You can do it more easily, actually it depends, with precomp function. The cool thing about this function is you don’t need to calculate the cumulative proportion.

o.pr <- prcomp(tr.IL,scale. = TRUE)
s <- summary(o.pr)
kable(t(s$importance))
Standard deviation Proportion of Variance Cumulative Proportion
PC1 2.0622407 0.35440 0.35440
PC2 1.1704354 0.11416 0.46856
PC3 1.0435393 0.09075 0.55931
PC4 1.0205712 0.08680 0.64611
PC5 0.9141397 0.06964 0.71575
PC6 0.8643691 0.06226 0.77801
PC7 0.8039837 0.05387 0.83187
PC8 0.7555341 0.04757 0.87944
PC9 0.7037559 0.04127 0.92071
PC10 0.6465014 0.03483 0.95554
PC11 0.5762751 0.02767 0.98322
PC12 0.4487404 0.01678 1.00000
The ans wer is as you see… 9.
  1. Load the Alzheimer’s disease data using the commands:
library(caret)
library(AppliedPredictiveModeling)
set.seed(3433)
data(AlzheimerDisease)
adData = data.frame(diagnosis,predictors)
inTrain = createDataPartition(adData$diagnosis, p = 3/4)[[1]]
training = adData[inTrain,]
testing = adData[-inTrain,]

In this problem, you should not transform the data with precomp, then put it into train function. Train function works, but you cannot predict the data with the model coming out of this process. Please put the data untransformed, then transform it by using built in option in the Train function. Let’s see what it means.

IL <- grep("^IL", names(training))
train.IL <- training[,IL];train.IL$diagnosis <- training$diagnosis
tr.train.IL <- train(diagnosis~., data = train.IL, method = "glm")
ctrl <- trainControl(preProcOptions = list(thresh = 0.8)) ## Built-in option
tr.pca.train.IL <- train(diagnosis~., data = train.IL, trControl = ctrl, preProc = c("center","scale","pca"), method = "glm" ) ## Transfrom the data to PCA with preProc option

pred.train.IL <- predict(tr.train.IL, testing)
pred.pca.train.IL <- predict(tr.pca.train.IL, testing)

Let’s see the result with confusion matrix.

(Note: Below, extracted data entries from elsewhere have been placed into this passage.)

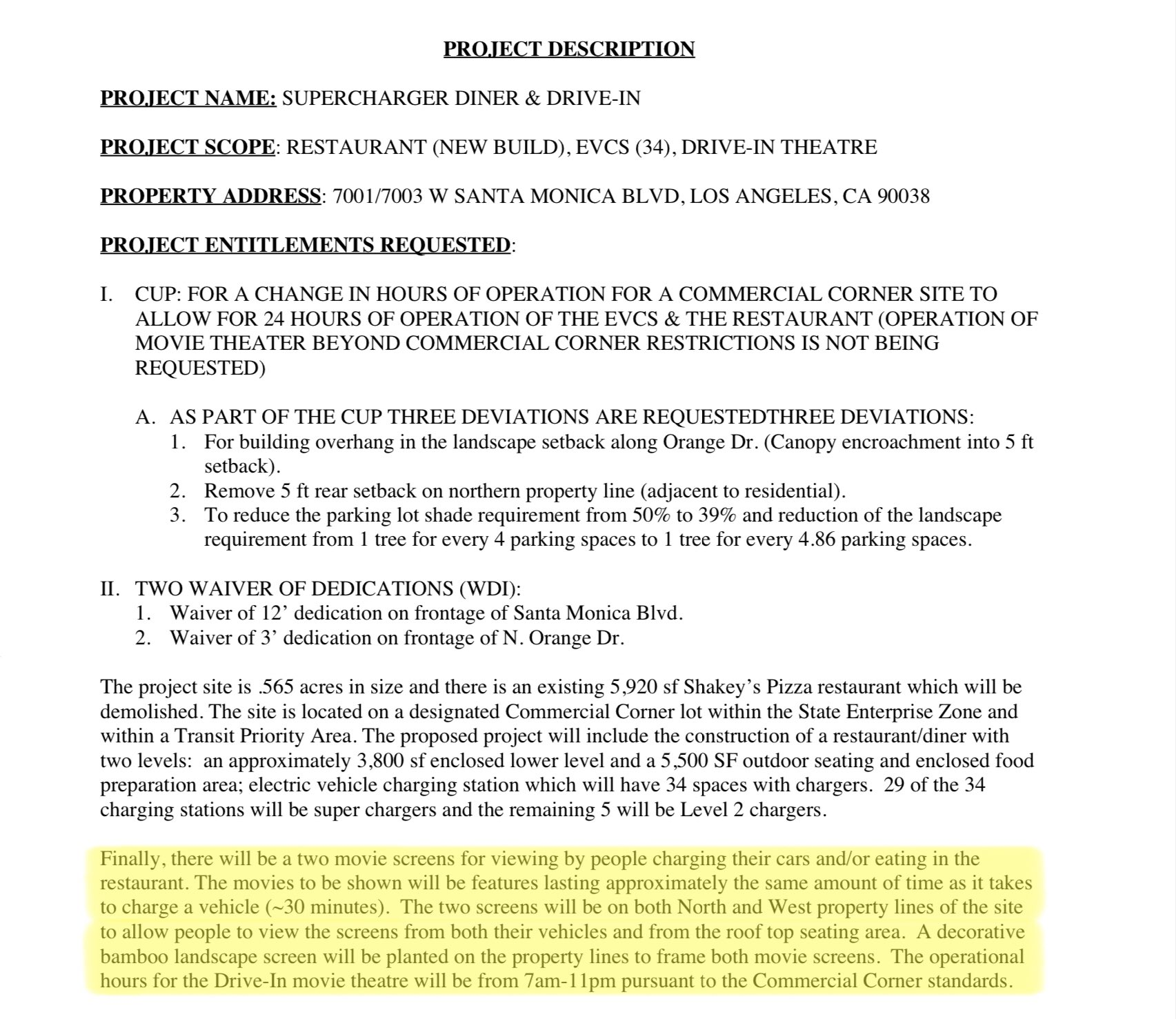 Originally, plans were in place to build a Supercharger with a diner in nearby Santa Monica. Back in 2018, Tesla had filed for permits in the city for such a place to be built. These plans fell through or something, as the location has now changed to Hollywood. The address for the permits and plans says 7001 Santa Monica Boulevard at the intersection of Orange Drive.
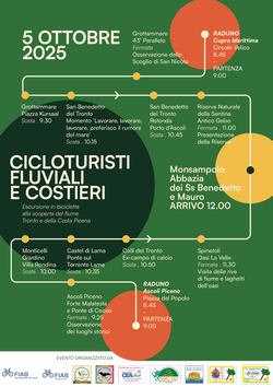 Co-organizzato dai Cea “Torre sul porto” del comune di San Benedetto, “Ambiente e mare”, “Giano”, “La Contea”, “Asa Speleoclub”, “Rifugio escursionistico Mario Paci” e “Oasi La Valle”, con l’importante contributo dei volontari delle sezioni Fiab (Federazione italiana ambiente e bicicletta) di Ascoli e San Benedetto, l’evento, aperto a tutti, ha lo scopo di far conoscere le caratteristiche ambientali del fiume Tronto e del tratto costiero da Cupra Marittima a San Benedetto, pedalando lungo le ciclabili e le strade.
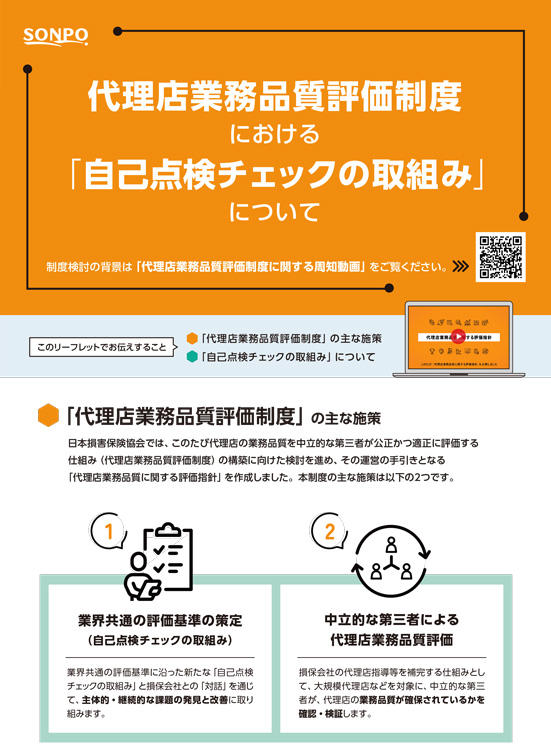 損保協会では、損害保険会社による代理店に対する指導等を補完するための業界共通の枠組みとして、代理店業務品質評価制度を運営しています。本制度は、損害保険会社や代理店と利害関係のない中立的な第三者で委員構成する「代理店業務品質評議会」が運営しています。
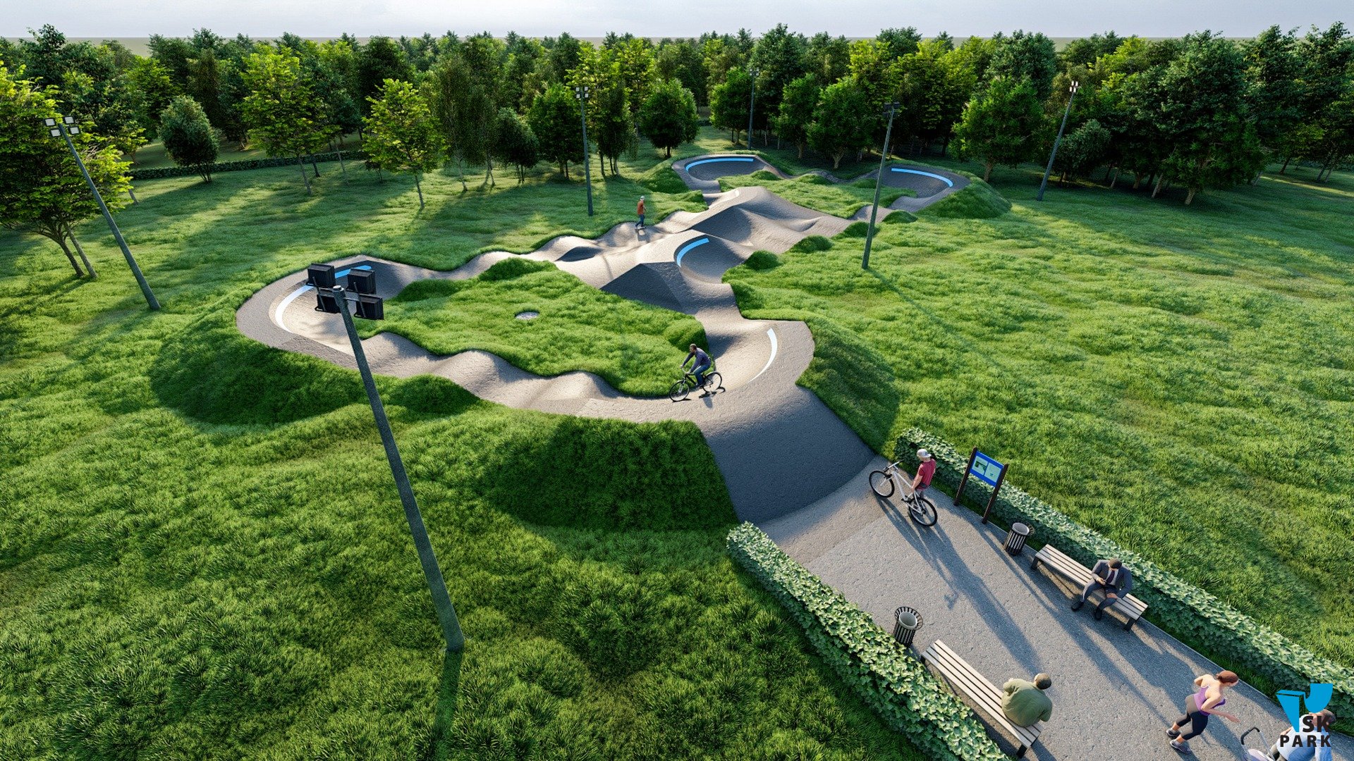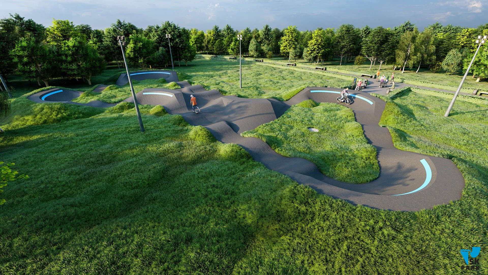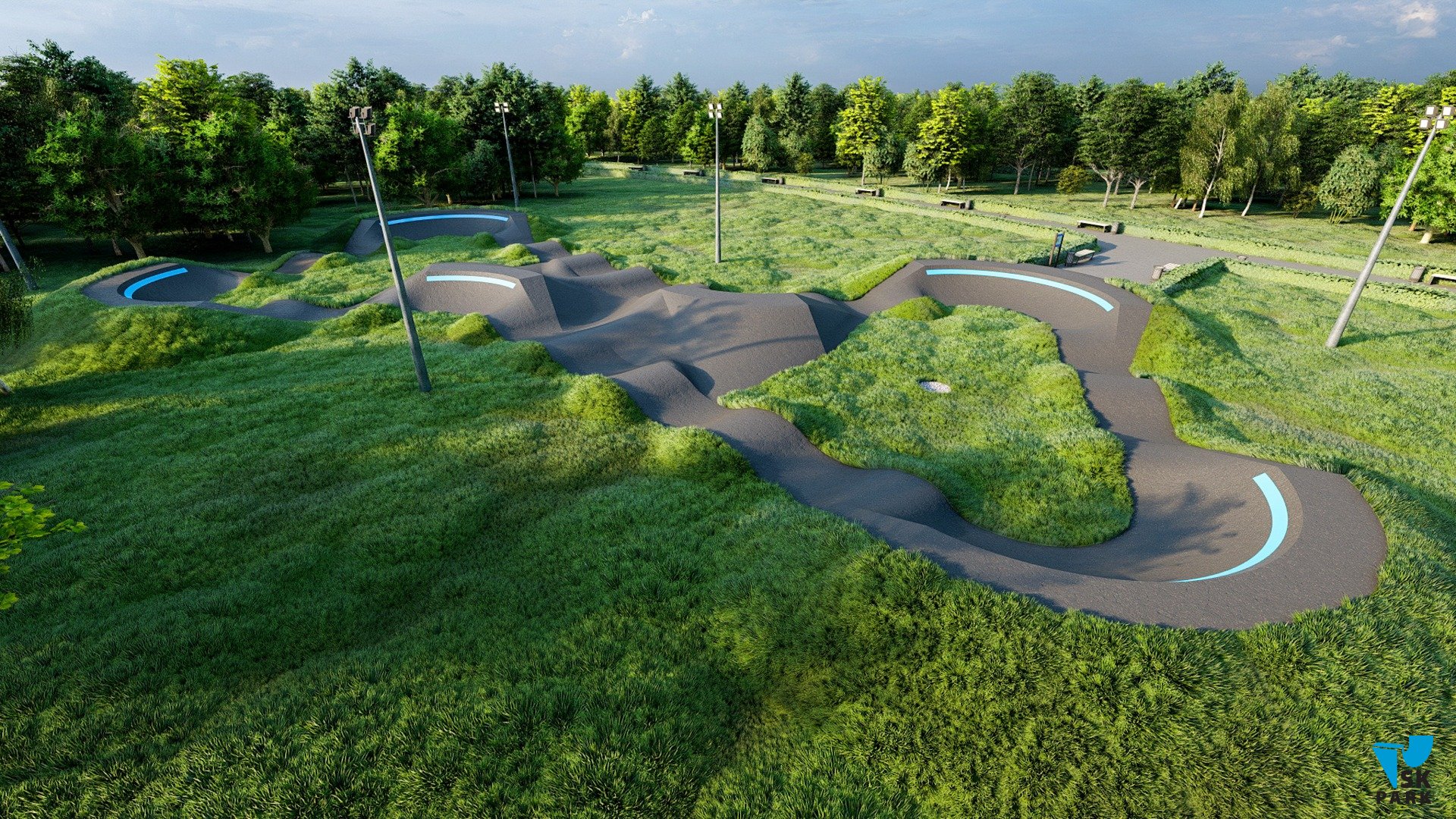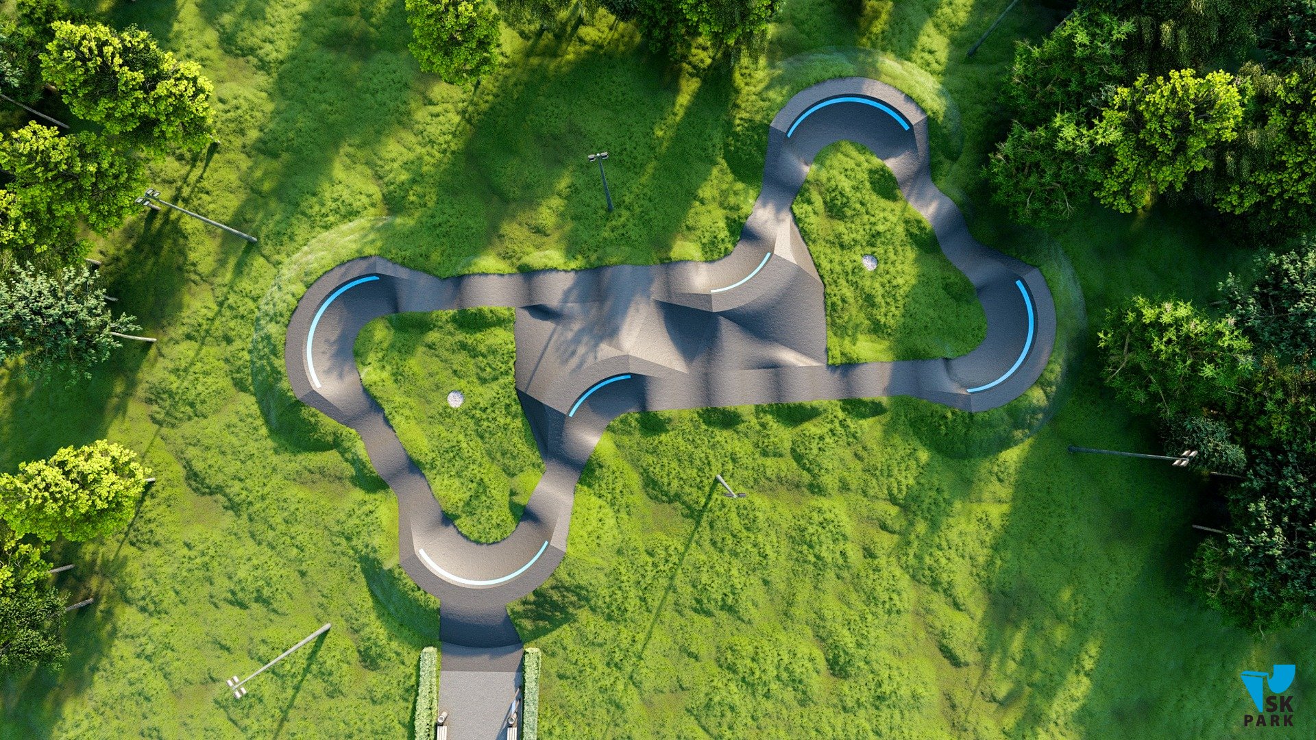 Профессиональный асфальтовый памптрек для катания на BMX и MTB , для райдеров с начальным, средним и профессиональным уровнем катания. Подходит для любого уровня райдеров, а также для тренировки спортсменов в олимпийской дисциплине «BMX race». Памптрек предусматривает 4 поворота на 120 градусов и 2 поворота на 60 градусов. Трасса позволяет проводить соревнования и показательные выступления в олимпийской дисциплине «BMX RACE». Асфальтовый памп трек, также позволяет кататься в дисциплинах скейтбординг, ролики, кик скутер
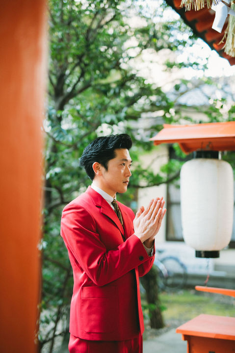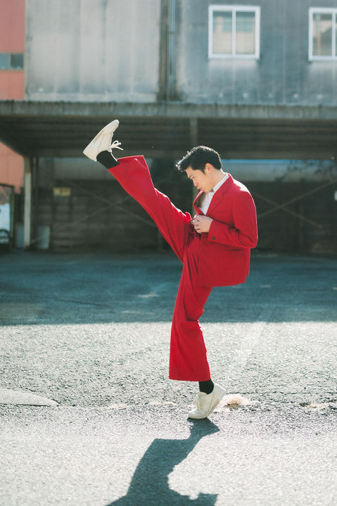 今回こだわったのはジャケットの丈とボトムの太さのバランスです。真っ赤なカラーとストレッチが効いている生地で動きやすいです」

confusionMatrix(pred.train.IL, testing$diagnosis)
## Confusion Matrix and Statistics
## 
##           Reference
## Prediction Impaired Control
##   Impaired        2       9
##   Control        20      51
##                                          
##                Accuracy : 0.6463         
##                  95% CI : (0.533, 0.7488)
##     No Information Rate : 0.7317         
##     P-Value [Acc > NIR] : 0.96637        
##                                          
##                   Kappa : -0.0702        
##  Mcnemar's Test P-Value : 0.06332        
##                                          
##             Sensitivity : 0.09091        
##             Specificity : 0.85000        
##          Pos Pred Value : 0.18182        
##          Neg Pred Value : 0.71831        
##              Prevalence : 0.26829        
##          Detection Rate : 0.02439        
##    Detection Prevalence : 0.13415        
##       Balanced Accuracy : 0.47045        
##                                          
##        'Positive' Class : Impaired       
## 
confusionMatrix(pred.pca.train.IL, testing$diagnosis)
## Confusion Matrix and Statistics
## 
##           Reference
## Prediction Impaired Control
##   Impaired        3       4
##   Control        19      56
##                                           
##                Accuracy : 0.7195          
##                  95% CI : (0.6094, 0.8132)
##     No Information Rate : 0.7317          
##     P-Value [Acc > NIR] : 0.651780        
##                                           
##                   Kappa : 0.0889          
##  Mcnemar's Test P-Value : 0.003509        
##                                           
##             Sensitivity : 0.13636         
##             Specificity : 0.93333         
##          Pos Pred Value : 0.42857         
##          Neg Pred Value : 0.74667         
##              Prevalence : 0.26829         
##          Detection Rate : 0.03659         
##    Detection Prevalence : 0.08537         
##       Balanced Accuracy : 0.53485         
##                                           
##        'Positive' Class : Impaired        
## 

Well… the answer is… you can check. right?